# Team Gypsy middle grounds



## snapper man (Apr 27, 2012)

Great time with good friends and family


----------



## Harbison (Apr 18, 2012)

Thanks for sharing. Been fishing the Grounds for 40+ years. GREAT fishing!


----------



## lastcast (Oct 12, 2007)

Nice, that's a bunch of fish. Snapper heaven.


----------



## Jason (Oct 2, 2007)

That's a nice slaying day right there. I tried straitening them pics but fer some reason I couldn't!!! 

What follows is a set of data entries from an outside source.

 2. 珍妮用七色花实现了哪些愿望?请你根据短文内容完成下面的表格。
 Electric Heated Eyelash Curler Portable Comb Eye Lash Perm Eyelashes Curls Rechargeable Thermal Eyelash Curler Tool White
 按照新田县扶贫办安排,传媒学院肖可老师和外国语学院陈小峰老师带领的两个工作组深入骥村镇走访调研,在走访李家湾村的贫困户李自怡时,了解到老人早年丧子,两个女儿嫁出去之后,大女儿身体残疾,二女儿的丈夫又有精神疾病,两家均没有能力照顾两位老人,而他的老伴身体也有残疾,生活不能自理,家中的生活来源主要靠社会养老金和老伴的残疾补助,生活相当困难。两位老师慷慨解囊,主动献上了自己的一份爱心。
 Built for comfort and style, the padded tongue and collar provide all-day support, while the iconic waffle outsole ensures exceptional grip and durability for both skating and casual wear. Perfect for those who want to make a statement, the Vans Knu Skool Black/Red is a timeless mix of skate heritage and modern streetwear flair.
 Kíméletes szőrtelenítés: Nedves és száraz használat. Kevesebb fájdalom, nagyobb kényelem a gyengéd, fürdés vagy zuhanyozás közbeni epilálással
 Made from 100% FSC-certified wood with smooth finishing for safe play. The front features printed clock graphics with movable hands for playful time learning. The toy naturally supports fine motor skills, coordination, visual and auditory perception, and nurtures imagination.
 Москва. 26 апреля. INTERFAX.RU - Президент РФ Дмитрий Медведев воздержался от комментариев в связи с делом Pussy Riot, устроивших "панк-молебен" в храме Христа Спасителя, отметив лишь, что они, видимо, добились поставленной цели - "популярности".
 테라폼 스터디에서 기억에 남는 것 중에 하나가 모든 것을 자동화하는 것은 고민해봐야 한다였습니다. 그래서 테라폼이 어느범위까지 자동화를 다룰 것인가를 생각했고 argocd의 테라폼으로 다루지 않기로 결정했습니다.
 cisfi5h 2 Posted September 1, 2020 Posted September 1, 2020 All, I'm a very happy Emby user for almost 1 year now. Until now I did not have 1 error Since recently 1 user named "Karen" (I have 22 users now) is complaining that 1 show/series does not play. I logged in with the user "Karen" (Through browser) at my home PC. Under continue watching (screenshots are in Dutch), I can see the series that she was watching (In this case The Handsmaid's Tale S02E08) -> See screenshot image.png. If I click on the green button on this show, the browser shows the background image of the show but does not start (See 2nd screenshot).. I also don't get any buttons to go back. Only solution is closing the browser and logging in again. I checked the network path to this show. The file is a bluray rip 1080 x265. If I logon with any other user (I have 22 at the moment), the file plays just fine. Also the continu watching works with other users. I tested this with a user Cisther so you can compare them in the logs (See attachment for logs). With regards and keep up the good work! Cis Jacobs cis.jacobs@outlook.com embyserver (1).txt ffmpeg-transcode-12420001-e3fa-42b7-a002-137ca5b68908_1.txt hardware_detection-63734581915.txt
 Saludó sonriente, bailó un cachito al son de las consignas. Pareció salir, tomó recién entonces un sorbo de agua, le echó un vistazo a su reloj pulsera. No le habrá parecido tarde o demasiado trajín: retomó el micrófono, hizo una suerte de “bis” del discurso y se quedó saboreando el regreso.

When you take pics w/ your phone, turn your phone sideways instead of upright like you use it.


----------



## snapper man (Apr 27, 2012)

Thanks , yea I was wondering what I could do to fix that. Night trip


----------



## Harbison (Apr 18, 2012)

Good to know. Thanks!

Love fishing the Grounds, West of the Grounds, and the Elbow. Florida has so much to offer!


----------



## snapper man (Apr 27, 2012)

Thanks for fixing pics, we came out of carrabelle so we mainly stayed in the nw side of the box. Suprised that there was no current, lost very little tackle and threw back as many as we kept. Loved it and will be planning another trip soon. The oil rigs out of pensacola are next for the Gypsy team, yellow fins here we come.


----------



## Michael f sights (Jun 19, 2012)

Great mess of fish!!!!!!!!


----------



## K_fuller (Jun 24, 2017)

I fish primarily out of carrabelle . And have been very interested in a middle grounds trip for some time now ..how far are the grounds of of carrabelle ? What size boat are you going out there in ? I have a 25' walk around with twin 140 Suzukis and get around 2.6mpg at 26kt crusing in good weather


----------



## snapper man (Apr 27, 2012)

We fish mainly out of carrabelle in a 34 venture twin 300 zukes. It's about 80 miles not a bad ride at 30-35 cruise speed, just keep an eye on weather have all your safety gear in order and maybe buddy boat with someone. This is a awesome trip for a bottom fisherman.


----------



## specktackler57 (May 15, 2011)

Nice post. Good work


----------



## snapper man (Apr 27, 2012)

snapper man said:


> We fish mainly out of carrabelle in a 34 venture twin 300 zukes. It's about 80 miles not a bad ride at 30-35 cruise speed, just keep an eye on weather have all your safety gear in order and maybe buddy boat with someone. This is a awesome trip for a bottom fisherman.


Thank you , we are planning another trip out there in august. Hope to see some locals out there


----------